Wave C in an expanded flat is commonly 1.618 X wave A, so if wave B does indeed stop at about the 1.382 level, then Minor C would likely have a target near $33.77 (blue). This is also near the 50% retracement of Intermediate (1) at $33.96 (black).
Comments are invited.
Yep. That’s pretty much what I have come up with also.
Lara…now where can we take a short entry in crude..??
answered above
Any wave count for oil??
chart above
New high now may be expanded flat B wave completing while recent high on April13 was a wave a of a-b-c.
US Oil is trading at 40.35 and it bottom at 37.65 yesterday. Filling the gap.
On Finviz.com oil spot is 41.64. Like Dreamer wrote both Finviz and stockcharts.com switched to June contract prices.
This distorts technical analysis. on charts shows breakout but there is really not a breakout?????
How does this pricing changes affect EW analysis?????
Lara, Stockcharts rolled their Spot price to the June contract last Monday, the 11th. That is what caused the “possible breakaway” gap on their chart.
Based on my research and post below, there is no reason for stockcharts to switch to the June contract for spot price over 1 week early. They are confusing people.
As you can see, FXCM is still using the May contract as the spot price. FXCM will likely switch to the June contract by Tuesday (since the June contract now has more volume than May), but as stated below, the official CME Group contract expiration for May is 4/20.
so why wouldnt you buy fxcm….as it is guaranteed to go up?
Reposted since I posted it late on the previous analysis.
I found this article that explains “spot” (cash) prices and how they relate to futures price. This is a gold site, but it works the same for oil.
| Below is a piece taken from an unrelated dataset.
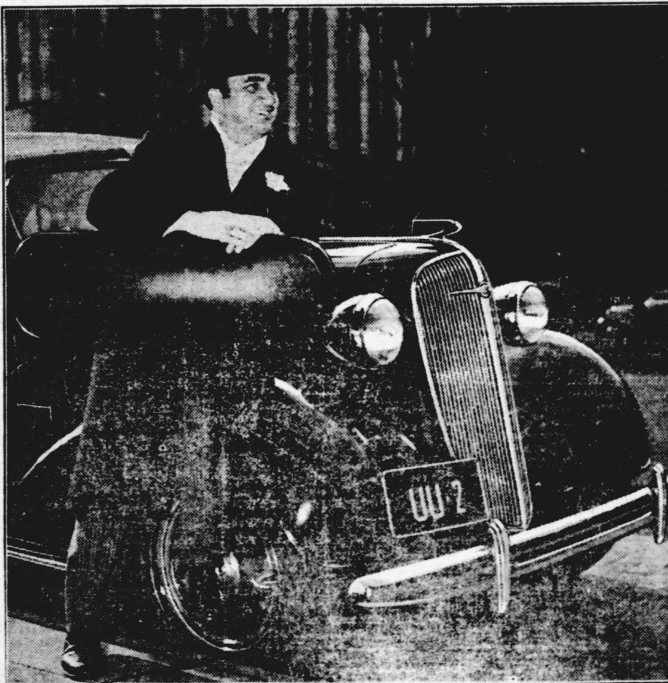
Rubinoff and his violin—and Chevrolet—are a combination that few, if any, radio listeners in the United States have not received in their homes via the air. The famous violinist and his Chevrolet Musical Moments programs, have the distinction of going on the air from more than 100 stations more times than any other program in the history of radio. Three hundred and seventy-eight stations broadcast these times a week, a total of 1134 fifteen-minute programs. That figures out at 263 hours, and if one week's programs were broadcast one after the other, day and night, it would require 11 days. The illustration shows Rubinoff, carrying his precious violin, posing with his car after a special appearance at Detroit.

http://www.jmbullion.com/investing-guide/pricing-payments/spot-prices/
This line is important “The spot price is determined by the front month futures contract with the most volume. Sometimes this contract may be the current month, and sometimes it may be two months or more out in time.”
From my own observations of Oil, the front month of the futures price usually equals the spot or cash price for oil as it has the most volume. As the official expiration date for the front month futures contract nears, the next month may have more volume and therefore becomes the new spot or cash price before the official expiration date. Different sites still “roll” on different dates, which is the confusing part and the part that I can’t explain. You would think they would all follow the same basic rules to reflect the spot price.
My other post below refers to the CME group official futures pricing. The official date for the CL crude oil May contract to expire is 4/20: however, the volume for the June contract exceeded the May contract on Monday, 4/18. Therefore, most sites already reflect the June futures price as the spot or “cash” price as of 4/18, Monday, 2 days before the official expiration date. I hope this helps.